The Lusaka High Court has directed Konkola Copper Mines (KCM) to pay its former power supplier, Copperbelt Energy Corporation PLC, 40 percent of US$29.6 million within 10 days.
The order, issued under the Creditor’s Scheme of Arrangement, results from KCM’s failure to meet its obligations to CEC, a Class 2 creditor.
High Court Judge Charles Kafunda ruled that the restriction on lawsuits under the Deed of Release and Waiver does not apply to appeals challenging the approval of a scheme.
He states that affected creditors have statutory and constitutional rights to object and appeal such approvals.

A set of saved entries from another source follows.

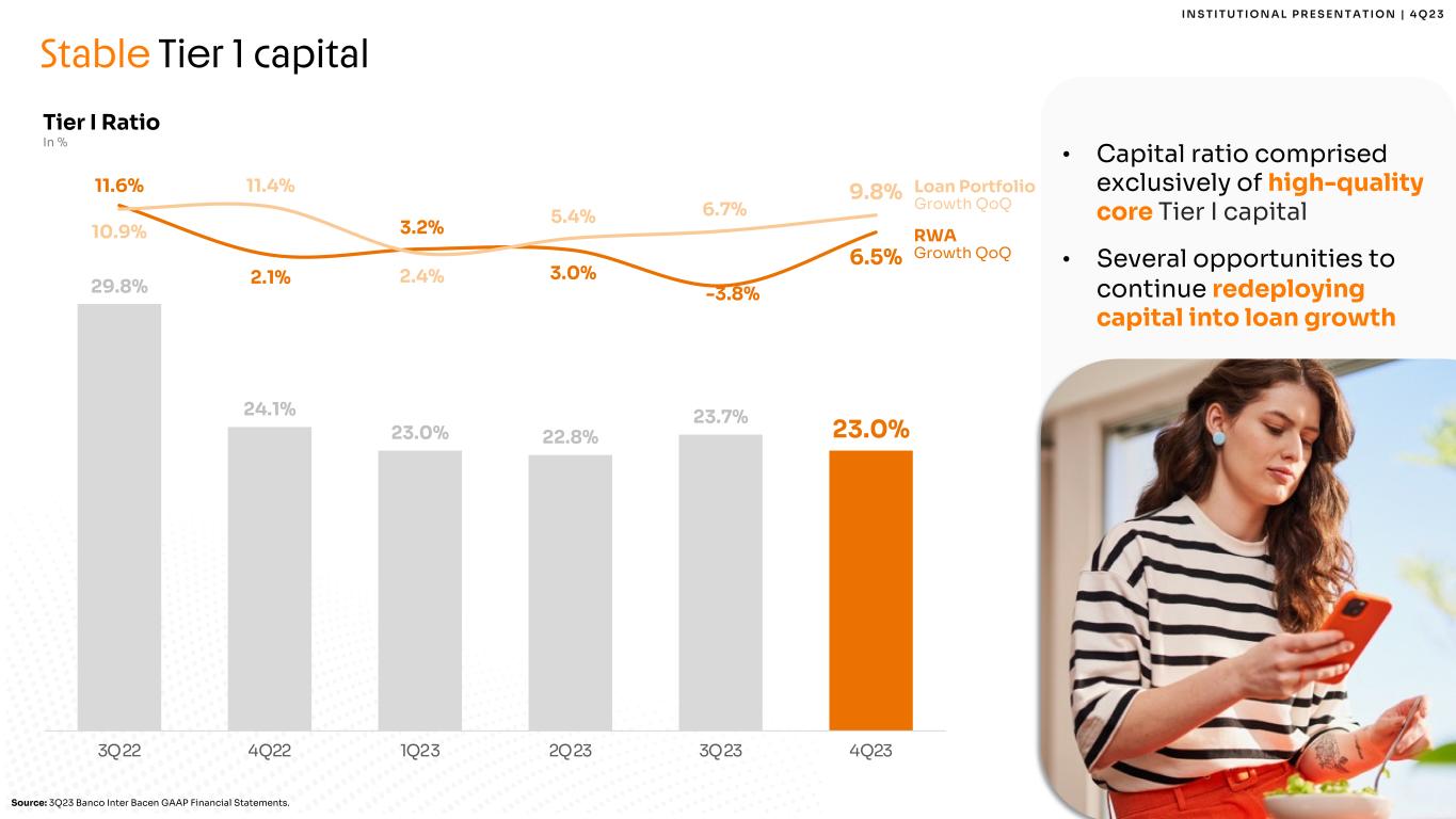 32 I N S T I T U T I O N A L P R E S E N T A T I O N | 4 Q 2 3 32 Stable Tier 1 capital 29.8% 24.1% 23.0% 22.8% 23.7% 23.0% 3Q22 4Q22 1Q23 2Q23 3Q23 4Q23 Tier I Ratio In % Source: 3Q23 Banco Inter Bacen GAAP Financial Statements. • Capital ratio comprised exclusively of high-quality core Tier I capital • Several opportunities to continue redeploying capital into loan growth 11.6% 2.1% 3.2% 3.0% -3.8% 6.5% 10.9% 11.4% 2.4% 5.4% 6.7% 9.8% -5% 0% 5% 10% 15% Loan Portfolio Growth QoQ RWA Growth QoQ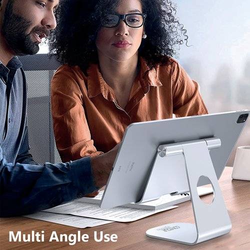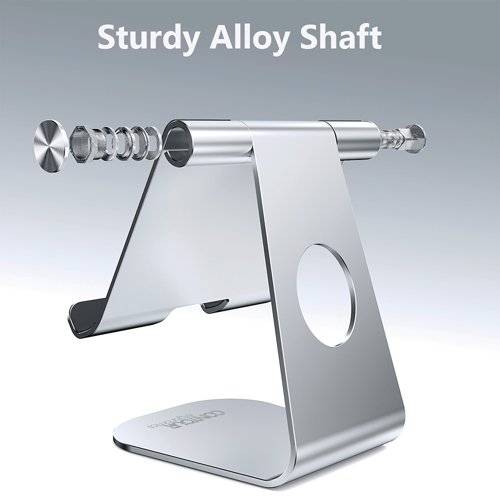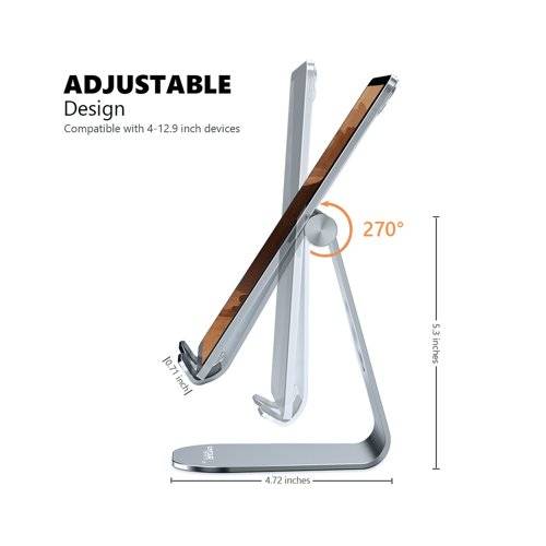 - Large hinged tilting aluminium tablet/mobile phone stand suitable for tablets/phones from 4 inch - 13 inch in silver
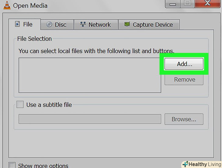 НатиснітьДодати.ви знайдете цю опцію праворуч на вкладці "Файл «у вікні»джерело".- На комп'ютері Mac натисніть "джерело".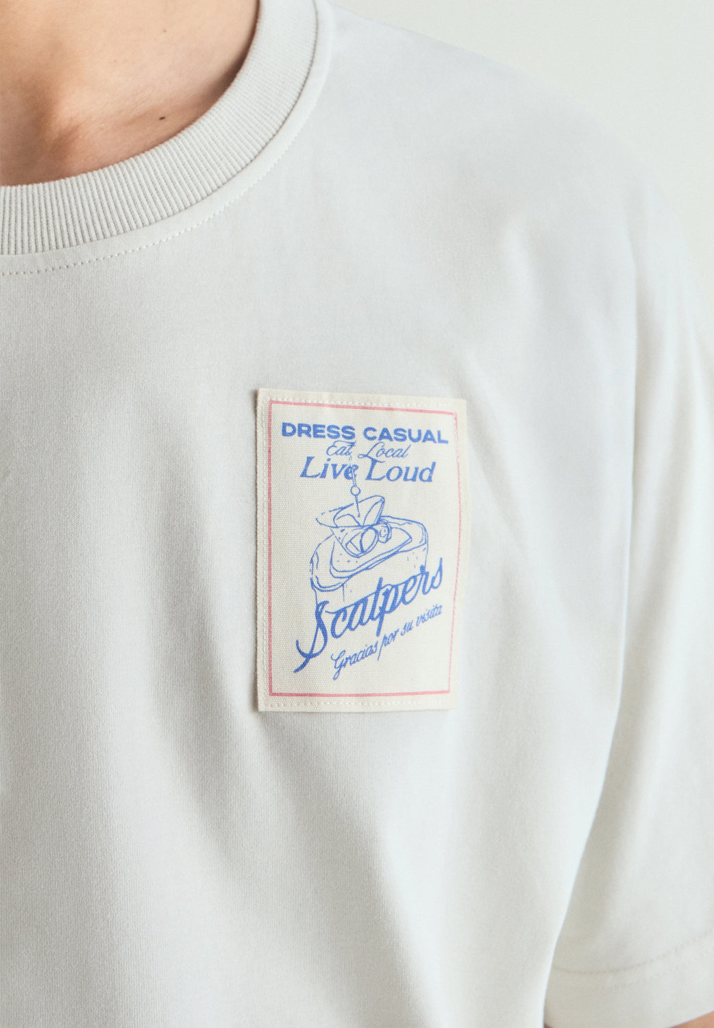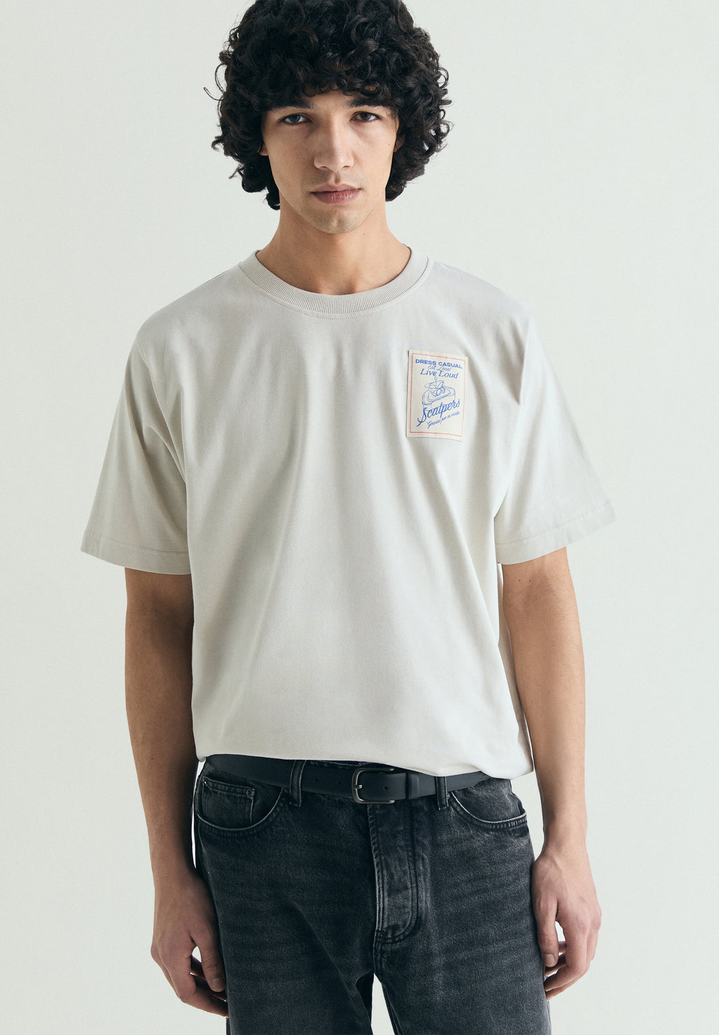 Camiseta confeccionada en 100% algodón . Relaxed Fit. Cuello redondo y manga corta. Detalle parche en el pecho y print trasero.
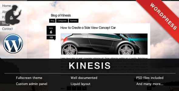 KINESIS is a liquid WORDPRESS theme for photographers, wedsigners and other creative company’s in mind. This site will always putt your content at the center of each visitors mind It has a very clean layout and is created to be easily adjusted to your needs. This Wordpress theme featured a full options panel, watch the screenshots for an overall overview off the theme options panel.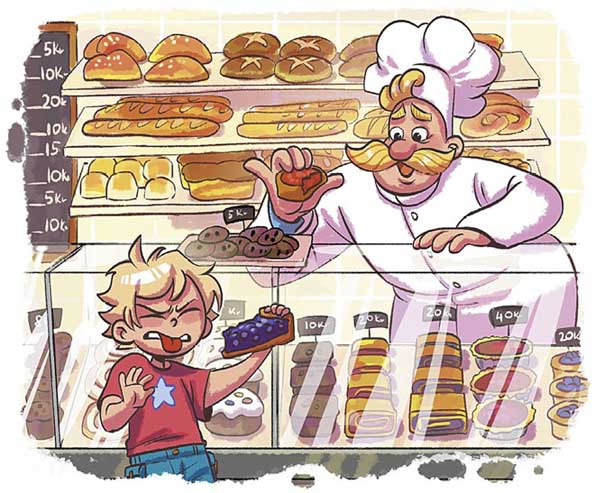 – Только посмотри: кексы, бисквиты, рогалики, – радовался Шоколадный дедушка, разглядывая сладкую витрину.

Judge Kafunda noted that the bar date for KCM to settle debts under the scheme expired on August 30, 2024, with no extension granted.
Despite this, KCM was yet to pay the required 40 percent of the admitted debt to CEC, even though other Class 2 creditors have received payments.
CEC’s Chief Financial Officer, Mutale Mukuka, revealed that efforts to resolve the matter administratively had failed.
KCM informed CEC that payments could not be made due to a pending appeal in the Court of Appeal, a justification the judge deemed insufficient.
Judge Kafunda stated that the appeal does not contest KCM’s indebtedness to CEC and ruled that an appeal does not automatically stay a court judgment.
He clarified that no stay order had been issued, meaning the initial ruling remains binding.
The judge referenced Section 46(10) of the Corporate Insolvency Act No. 9 of 2017, which grants creditors the right to object to scheme approvals, and Article 131 of the Constitution of Zambia, which guarantees the right to appeal.
These provisions, he ruled, override any restrictions in the Deed of Release and Waiver.
The court directed KCM to pay the first installment of the admitted debt to CEC within 10 days from date of ruling of December 2, 2024. It also awarded costs to CEC, to be borne by KCM.